A lot of Golden State fans started freaking out and called for Mark Jackson‘s head when the Warriors got off to a slow start this season. Now that Stephen Curry and company have won five games straight and six of their last seven, the cries for a coaching change have died down a bit, especially since it was pretty evident that the Warriors are an elite team when they have Andre Iguodala on the court. But if there’s one justifiable criticism of Jackson this season, it’s this: Draymond Green deserves a little more playing time than he’s currently getting.
In Jackson’s defense, Golden State has a high-powered offense with a number of high-caliber players to divvy up minutes between. Curry and Klay Thompson average a little more than 37 minutes per game. Iguodala, David Lee and Harrison Barnes all average 32-plus minutes a night. Andrew Bogut logs just less than 28 minutes per game. And then there’s Green at a somewhat meager 19.7 minutes.

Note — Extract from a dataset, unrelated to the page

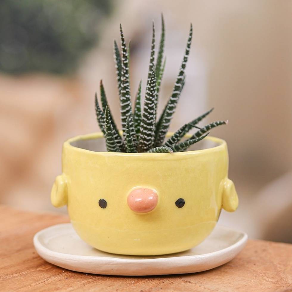 "Add a loving vibe to the season! Thailand's Paiboon designs this flower pot and saucer set, whose glazed finish enriches the hand-painted image of a tender chick. The set allows for drainage, and its sturdy structure makes it ideal for any ambiance."
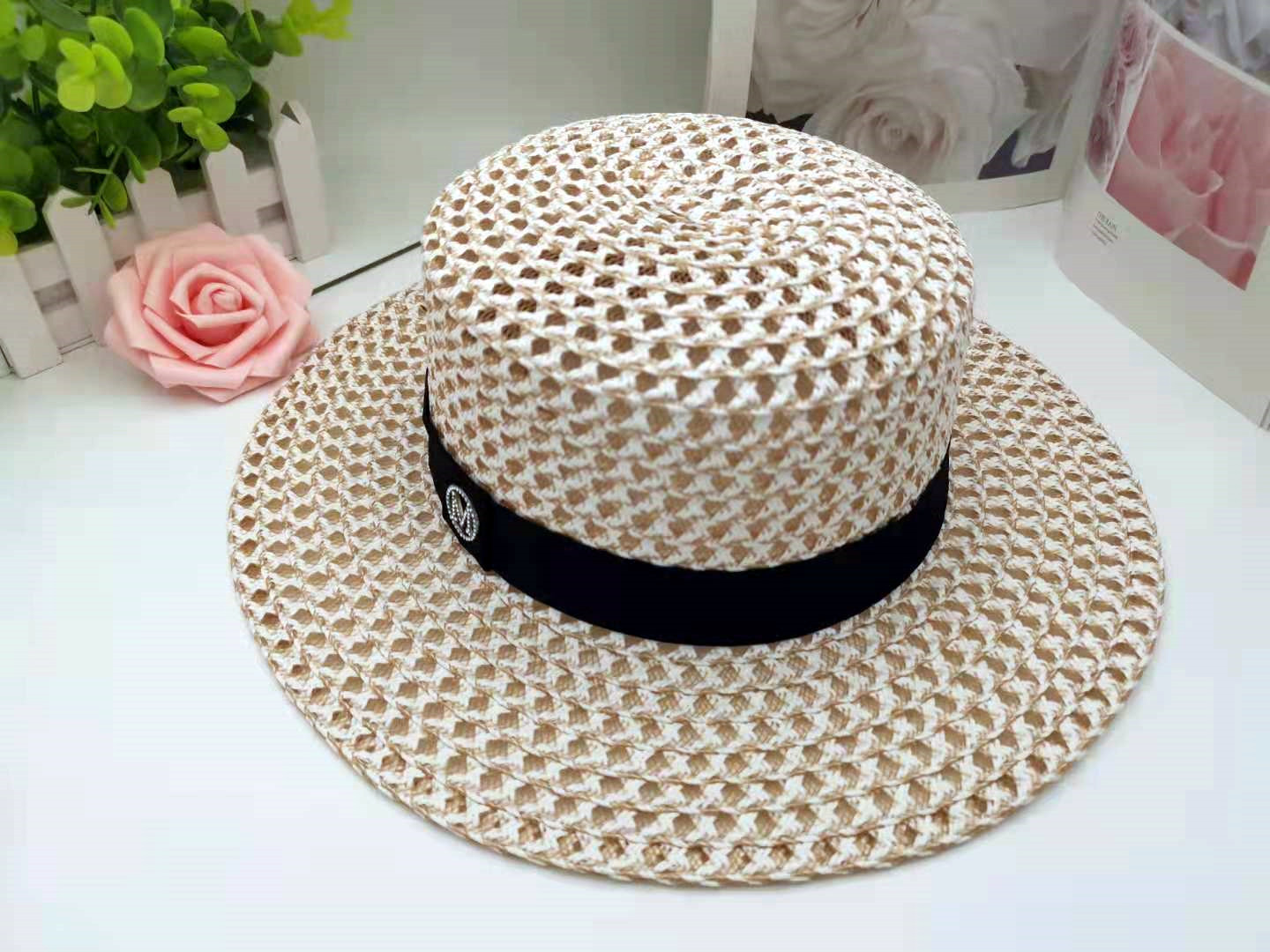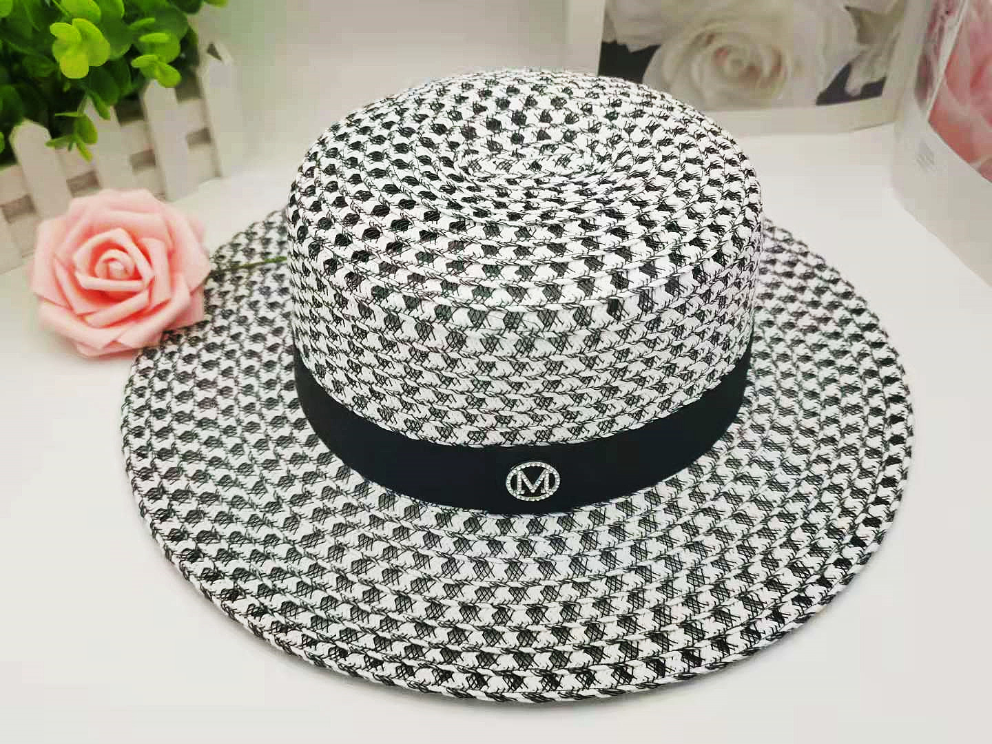 한국 스타일 트렌디 그리드 플랫 탑 모자 여성 패션 M 로고 흑백 짠 밀짚 모자 여름 새로운 인터넷 연예인 차양 탑 모자스토어 가기

There are two big problems preventing Green from getting more playing time. The first is the organization’s commitment to Barnes, an emerging talent who logs a huge amount of time off the bench. Barnes hasn’t exactly made the leap this season, increasing his production from 9.2 points in 25.4 minutes per game last season to 12.1 points in 32.1 mintes per game this year. His rebounding has actually regressed from 4.1 rebounds to 3.9 boards per game despite playing about seven more minutes every night. But Barnes’ ceiling is a lot higher than Green’s and he’s still capable of doing things like this:
That kind of athleticism and the potential Barnes showed in the postseason last year explains why Golden State’s No. 7 pick from the 2012 NBA Draft is getting more run than their No. 35 pick. Barnes hasn’t adjusted to more minutes coming off the bench as well as Green, but the biggest thing keeping the Warriors’ other young prospect from getting more minutes is his lack of offense.

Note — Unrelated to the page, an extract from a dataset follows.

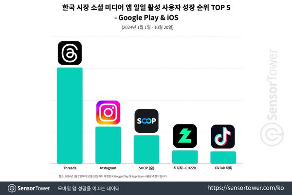 《스레드》, 한국 시장 소셜 미디어 앱 중 다운로드 성장 2위, 일일 활성 사용자 성장 1위
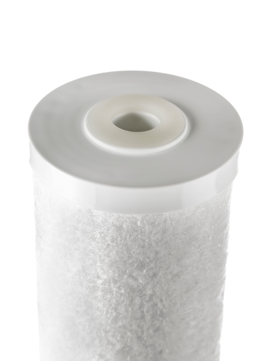 - Наружный слой из полипропилена выполняет роль предфильтра, удаляя крупные механические примеси размером более 25-50 мкм.

Golden State an offensive-minded team that just so happens to also have two of the best individual defenders for their position in the league (Iggy and Bogut). But don’t be fooled; this team doesn’t win games without Curry, Thompson, Iggy, Barnes and Toney Douglas jacking up 3s from all over the place. Green is no stranger to 3-point attempts and averages 2.2 per game. The only problem is he only makes 0.8 of those attempts, which amounts to 36.8 percent from downtown. Green’s field goal percentage isn’t much better at 39.9 percent either.
But here’s the thing about Draymond Green and the argument for his minutes to go up: the Warriors don’t need him on the offensive end. It’s the defensive end where Green makes a difference, being that he can guard multiple positions pretty darn well. Green has the 11th-best defensive rating in the league at 98.0 and the Warriors’ defense is vastly superior with him, Iggy and Bogut on the floor together at the same time.

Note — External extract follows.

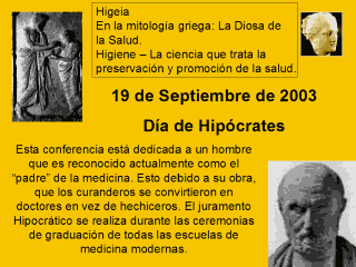de Hipócrates Hipócrates, (460-377? AC), un extraordinario médico escritor de Grecia. Poco se sabe de su vida más allá del hecho de que era un médico en la Isla de Cos, que perteneció al período más intelectual de la vida Griega, y que Hipócrates era particularmente libre de superstición. Más de ochenta tratados han sido atribuidos a él, pero ahora se concede que algunos fueron escritos por otros que tomaron prestados su nombre y reputación. Sus obras, tomadas en conjunto, forman diez volúmenes, una enciclopedia de medicina y cirugía como se conocía en sus días. Hipócrates ha sido llamado el padre de la medicina científica. Él no creía en enfermedades ni curas milagrosas. El pensaba que una dieta apropiada es una necesidad de la salud, y que el clima tiene una profunda influencia tanto en la mente como en el cuerpo. Murió en Tesalia a una edad avanzada. http://www.sacklunch.net/biography/H/Hippocrates.html El 19 de Septiembre se celebra el Día de Hipócrates en Grecia. Nosotros sugerimos que el Día de Hipócrates sea celebrado a lo ancho del mundo como celebración de la prevención, un "Día Mundial de la Prevención" en el que podamos trabajar juntos para prevenir la enfermedad. El 19 de Septiembre de 2003 nos gustaría "casar" los conceptos médicos de Hipócrates y los conceptos preventivos de la Diosa griega de la Salud, Higeia. HIGEIA era la deidad de la buena salud y una asistente de su padre Asclepios y también de Afrodita quien vino a representar la prevención de la enfermedad. La "unión" de Hipócrates e Higeia puede también representar dos formas de energía, Yan & Yin. Para información adicional sobre Hipócrates, visita http://www.allsands.com/Science/hippocratesbiog_rtb_gn.htm Esta diapositiva fue creada por el equipo de Global Health Network Supercourse |

For those actually asking, Bogut-Green-Iggy have netted a 78.2 DRating together. Again, only 35 minutes of data to go on
— Ethan Strauss (@SherwoodStrauss) December 30, 2013
It’s a small sample size to go off of, but a 78.2 defensive rating is a historic rate worth exploring, especially when the Warriors are in need of a late-game stop. Unfortunately, the only way Green will increase his minutes is if he improves his shooting to the point of consistency. When Green is knocking down 3s, it can be a backbreaker for opposing defenses spending the majority of their time trying to stop Curry, Thompson and Barnes. But he hasn’t been able to do that on a regular basis yet.
The good news for Green and his advocates for more playing time is that his minutes increased from 18.3 in November to 21.3 in December. The bad news is with just three more minutes per game, Green’s field goal percentage plummeted from 43.3 percent to 35.2 percent. Oddly enough, however, his 3-point percentage actually increased during that span (31.3 percent to 38.2 percent).
It seems nonsensical to make a case for more playing time for a guy who just went 2-for-10 from the field last night against the Cleveland Cavaliers. But his balanced stat line of five points, 12 rebounds, four blocks, two assists and one steal shows his ability to do it all. Green brings a ton of intangibles to a Golden State team that often relies on certain players to only produce in certain areas. If Green can shake off his December shooting slump moving forward, he’ll start to see more minutes and boost Golden State’s defense in the process.